Excerpts from a dataset
---*---

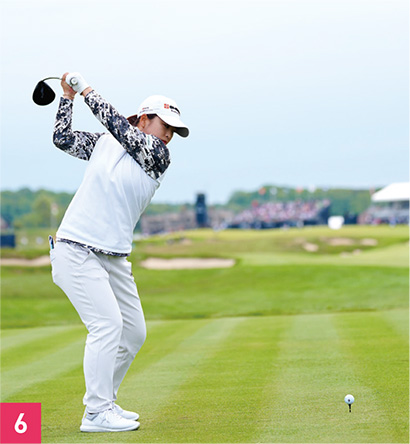 体を鍛えたことによって手を使わないスイングの完成度が高まりました。アドレスからテークバックにかけては両腕の三角形を綺麗にキープして(写真03)、三角形の形はフォロー(写真06)まで変わりません。手首の角度が変わらず、バックスイングからフォローまで両ワキを締めたまま打っています。手の動きを最小限に抑えることによってスイングの再現性が高くなりますし、打点も安定します。よくプロゴルファーは両ワキにタオルを挟んでスイングの練習をしていますが、西郷選手はタオルなしで、本番の試合でも完璧なボディターンで打っています。
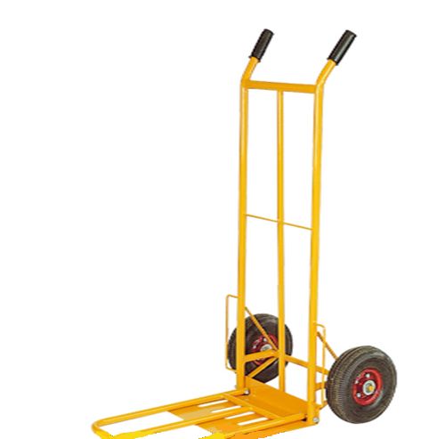 У нас похожая тачка, и когда забирали с 4- го этажа чугунную ванну, 205 кг, предварительно делали поперечную балку из доски с ограничителями (метал), чтоб груз не съезжал.
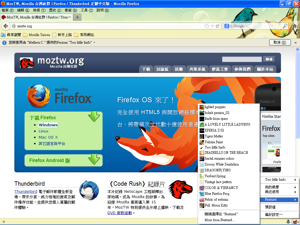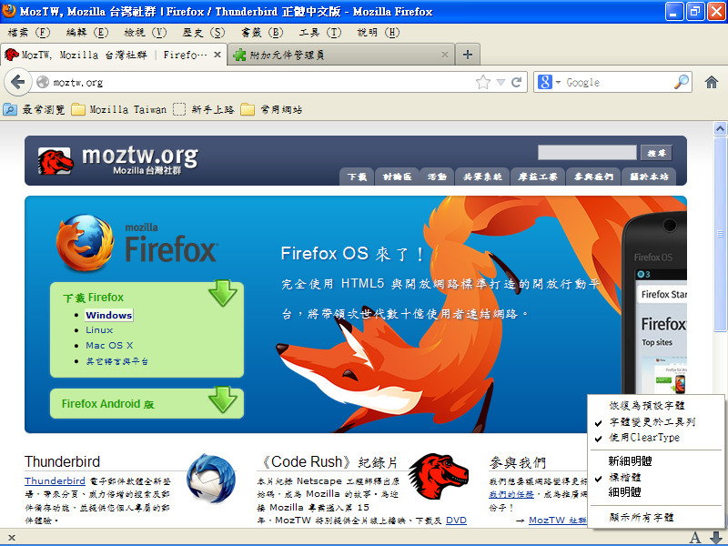 本版本已終止開發,下載最新版 Firefox 請至 Firefox 正體中文版 頁面
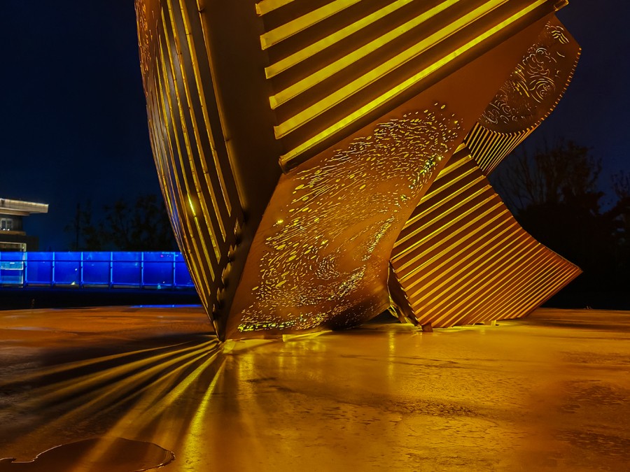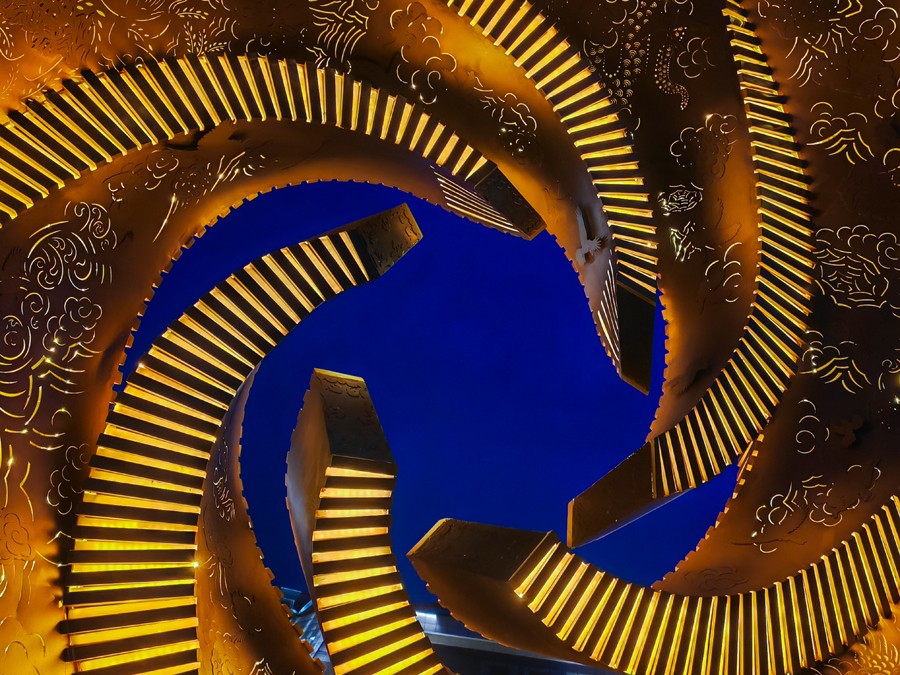 The front of the work features a design that blends the imagery of the Azure Dragon, White Tiger, Vermilion Bird, Black Tortoise, and the Twenty-Eight Lunar Mansions. Drawing inspiration from traditional imagery at the Jade Emperor Temple in Fucheng, these elements have been reimagined to form a dynamic cosmic totem. The back of the installation takes local Jincheng myths as its narrative thread—including Nüwa Mending the Sky, the Foolish Old Man Moving Mountains, Shennong Tasting Hundreds of Herbs, and Jingwei Filling the Sea—while incorporating elements of Jincheng’s historic architecture and cultural landmarks. As night falls, LED light strips cast patterns of light and shadow through the openwork carvings, transforming the constellations and architectural silhouettes into twinkling points of light that harmonize with the city’s nightscape.
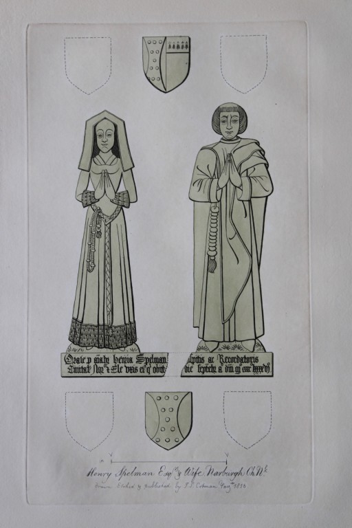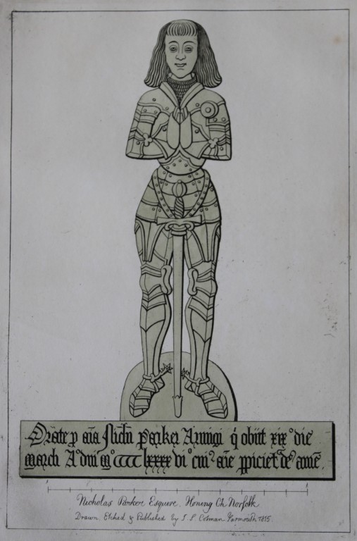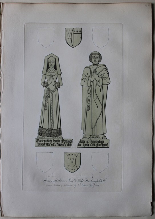 The full title of this work is Engravings of Sepulchral Brasses in Norfolk tending to illustrate the Ecclesiastical, Military and Civil Costume as well as to preserve memorials of Ancient Families in that County. In addition to an introductory essay by Dawson Turner Esq. the notes were prepared by Sir Samuel Rush Meyrick, Albert Way & Sir N Harris Nicolas.
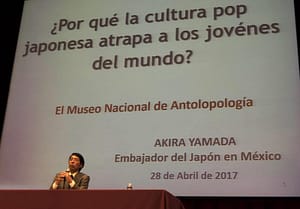 El pasado viernes 28 de abril de 2017, se realizó una conferencia en el auditorio Jaime Torres Bodet del Museo Nacional de Antropología a cargo del Embajador de Japón en México Akira Yamada titulada: ¿Por qué la cultura pop japonesa atrapa a los jóvenes del mundo?
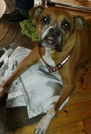 Mein Team besteht aus zwei Frauchen (Frauchen und Simone) und einem großen, bulligen, sehr lieben Boxerkumpel , der auch mal eine Notboxernase war.
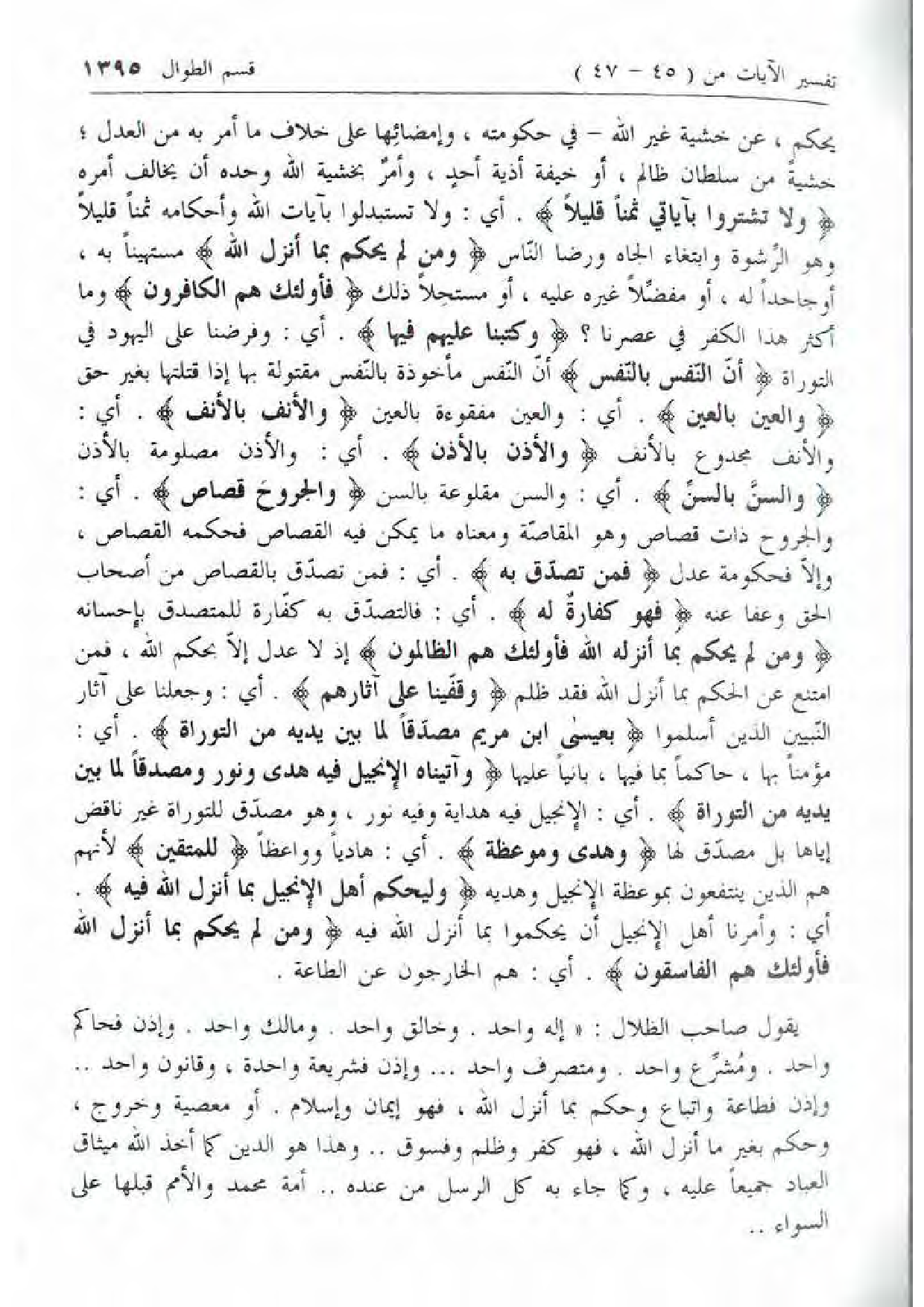 والجروح ذات قصاص وهو المقاصّة ومعناه ما يمكن فيه القصاص فحكمه القصاص، وإلّا فحكومة عدل فَمَنْ تَصَدَّقَ بِهِ. أي: فمن تصدّق بالقصاص من أصحاب الحق وعفا عنه فَهُوَ كَفَّارَةٌ لَهُ. أي: فالتصدّق به كفّارة للمتصدق بإحسانه وَمَنْ لَمْ يَحْكُمْ بِما أَنْزَلَ اللَّهُ فَأُولئِكَ هُمُ الظَّالِمُونَ إذ لا عدل إلّا بحكم الله، فمن امتنع عن الحكم بما أنزل الله فقد ظلم
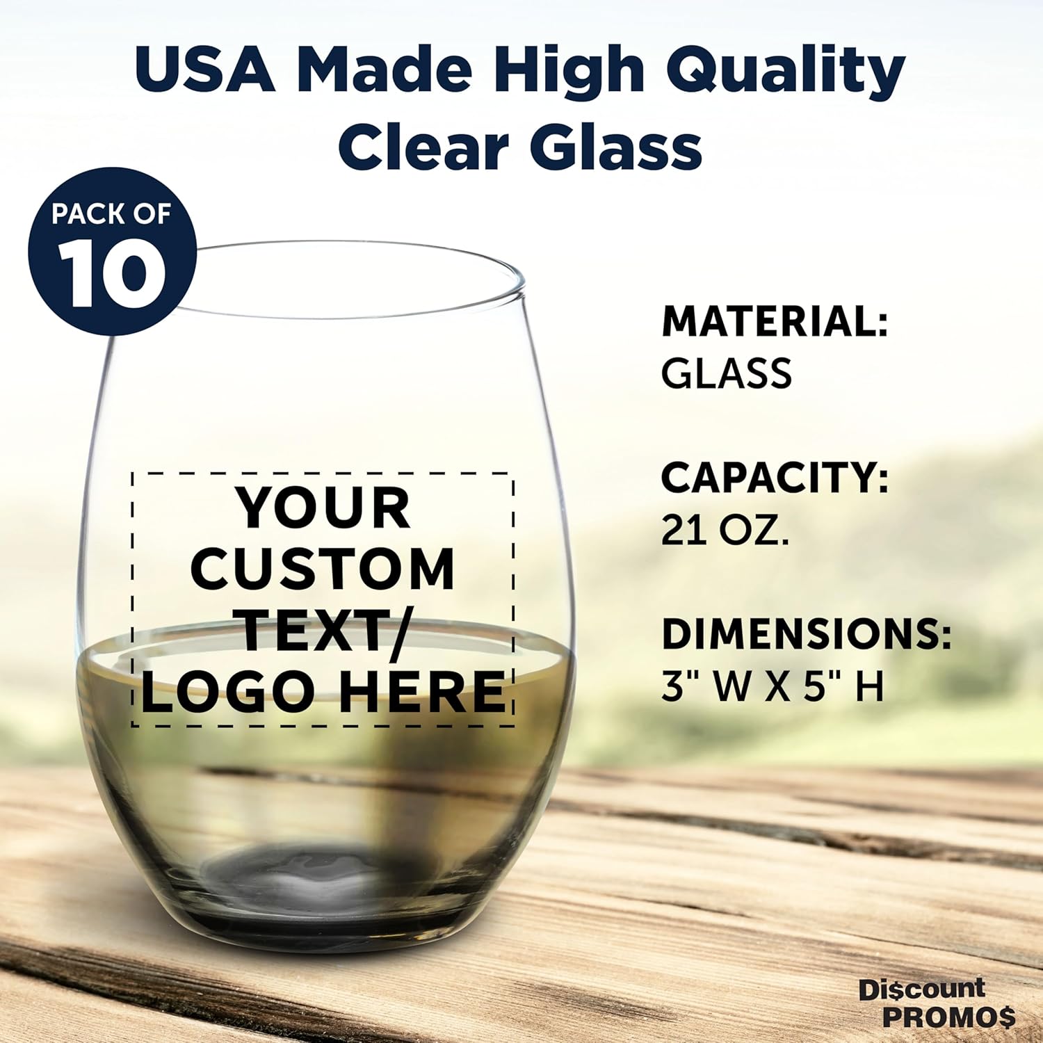 DISCOUNT PROMOS 10 ARC Stemless Wine Glasses Set, 21 oz. - Customizable Text, Logo - Chardonnay, Cabernet, Merlot, Sauvignon - Black
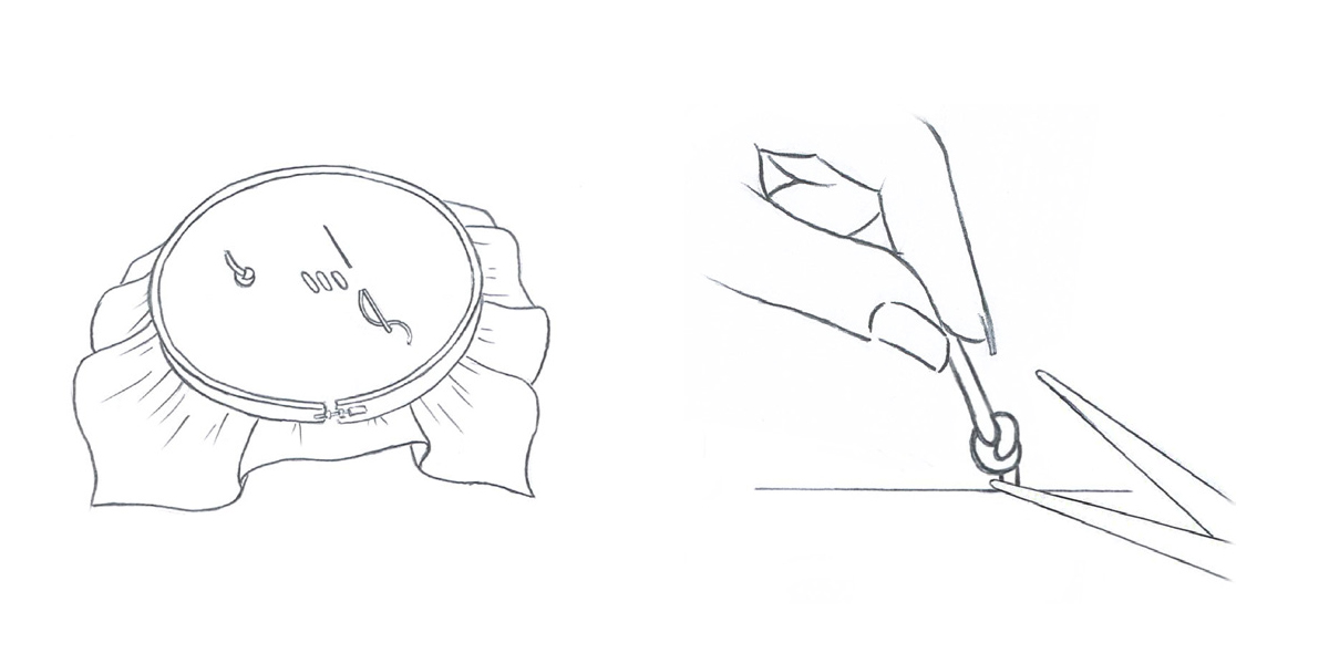 The pattern you are embroidering should be in the center of the hoop so that you can slide the thread under your thumb at all times.

---*---

Please give back every line above exactly as it stands, without pictures.

▶ _Answer section_:
 体を鍛えたことによって手を使わないスイングの完成度が高まりました。アドレスからテークバックにかけては両腕の三角形を綺麗にキープして(写真03)、三角形の形はフォロー(写真06)まで変わりません。手首の角度が変わらず、バックスイングからフォローまで両ワキを締めたまま打っています。手の動きを最小限に抑えることによってスイングの再現性が高くなりますし、打点も安定します。よくプロゴルファーは両ワキにタオルを挟んでスイングの練習をしていますが、西郷選手はタオルなしで、本番の試合でも完璧なボディターンで打っています。
 У нас похожая тачка, и когда забирали с 4- го этажа чугунную ванну, 205 кг, предварительно делали поперечную балку из доски с ограничителями (метал), чтоб груз не съезжал.
 本版本已終止開發,下載最新版 Firefox 請至 Firefox 正體中文版 頁面
 The front of the work features a design that blends the imagery of the Azure Dragon, White Tiger, Vermilion Bird, Black Tortoise, and the Twenty-Eight Lunar Mansions. Drawing inspiration from traditional imagery at the Jade Emperor Temple in Fucheng, these elements have been reimagined to form a dynamic cosmic totem. The back of the installation takes local Jincheng myths as its narrative thread—including Nüwa Mending the Sky, the Foolish Old Man Moving Mountains, Shennong Tasting Hundreds of Herbs, and Jingwei Filling the Sea—while incorporating elements of Jincheng’s historic architecture and cultural landmarks. As night falls, LED light strips cast patterns of light and shadow through the openwork carvings, transforming the constellations and architectural silhouettes into twinkling points of light that harmonize with the city’s nightscape.
 The full title of this work is Engravings of Sepulchral Brasses in Norfolk tending to illustrate the Ecclesiastical, Military and Civil Costume as well as to preserve memorials of Ancient Families in that County. In addition to an introductory essay by Dawson Turner Esq. the notes were prepared by Sir Samuel Rush Meyrick, Albert Way & Sir N Harris Nicolas.
 El pasado viernes 28 de abril de 2017, se realizó una conferencia en el auditorio Jaime Torres Bodet del Museo Nacional de Antropología a cargo del Embajador de Japón en México Akira Yamada titulada: ¿Por qué la cultura pop japonesa atrapa a los jóvenes del mundo?
 Mein Team besteht aus zwei Frauchen (Frauchen und Simone) und einem großen, bulligen, sehr lieben Boxerkumpel , der auch mal eine Notboxernase war.
 والجروح ذات قصاص وهو المقاصّة ومعناه ما يمكن فيه القصاص فحكمه القصاص، وإلّا فحكومة عدل فَمَنْ تَصَدَّقَ بِهِ. أي: فمن تصدّق بالقصاص من أصحاب الحق وعفا عنه فَهُوَ كَفَّارَةٌ لَهُ. أي: فالتصدّق به كفّارة للمتصدق بإحسانه وَمَنْ لَمْ يَحْكُمْ بِما أَنْزَلَ اللَّهُ فَأُولئِكَ هُمُ الظَّالِمُونَ إذ لا عدل إلّا بحكم الله، فمن امتنع عن الحكم بما أنزل الله فقد ظلم
 DISCOUNT PROMOS 10 ARC Stemless Wine Glasses Set, 21 oz. - Customizable Text, Logo - Chardonnay, Cabernet, Merlot, Sauvignon - Black
 The pattern you are embroidering should be in the center of the hoop so that you can slide the thread under your thumb at all times.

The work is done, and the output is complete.